Freyja is rather inactive while i hold her. In the cage she's, well, less active than Sif, but I do not know exactly how much exercise she's getting. She's eating fine, all that. Both females, whom i've heard are pretty active. Neither one of them plays around on me like my girlfriend's rats do. Different personalities i assume?

Also, Sif still poops on me occasionally. I thought she'd stopped. My gf's rats on the other hand, never poop or pee on her when she has them out. Sif also tends to run aways when i try to grab her to get her out of the cage. Once she's out, she's fine, but still. 
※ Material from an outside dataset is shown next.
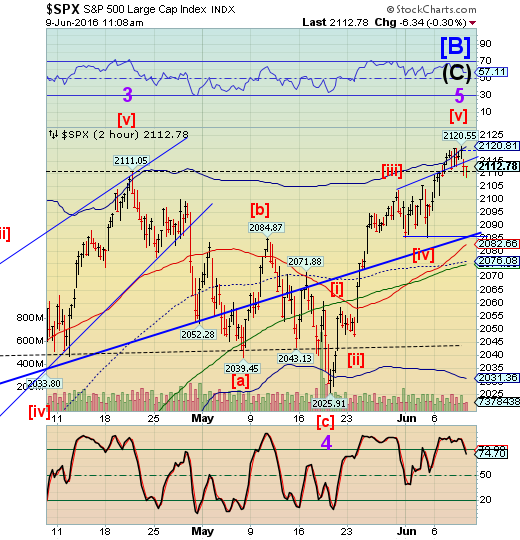 VIX appears to be consolidating between its 50-day Moving Average at 14.50 and its 2-hour mid-Cycle resistance at 14.73. It also left an open gap at 14.00 and doesn’t appear capable of filling it. These gaps, by the way, are indicators of a third wave in action.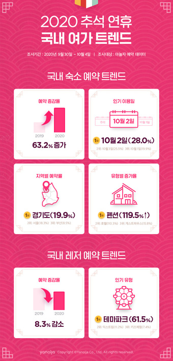 7일 여가 플랫폼 기업 야놀자가 올해 추석 연휴(9월30일~10월4일) 동안 국내 여가 데이터를 분석한 결과에 따르면 국내 숙소 이용 건수는 지난해 추석 연휴(19년 9월12일~15일) 대비 63.2% 증가했다.

And lastly, at night, I often hear little squeaks. My lights are out, and by the time i get out of bed to see what's going on, they're both standing by the edge of the cage, looking at me and sniffing to see what i'm doing. I've looked and don't see any marks on either of them. The top of their hammok has some brown marks about the color of dried blood, but the pattern of them seems to me to be more like... it's just getting dirty. Streaks and such, no "pools" of blood.



I'd like to take my rats out and about, but i don't really feel comfortable. they get as far on the edge of my shoulder as they can and look like they're going to try to jump. They never have, but it still worries me.


----------



## Ratarooo (Apr 2, 2007)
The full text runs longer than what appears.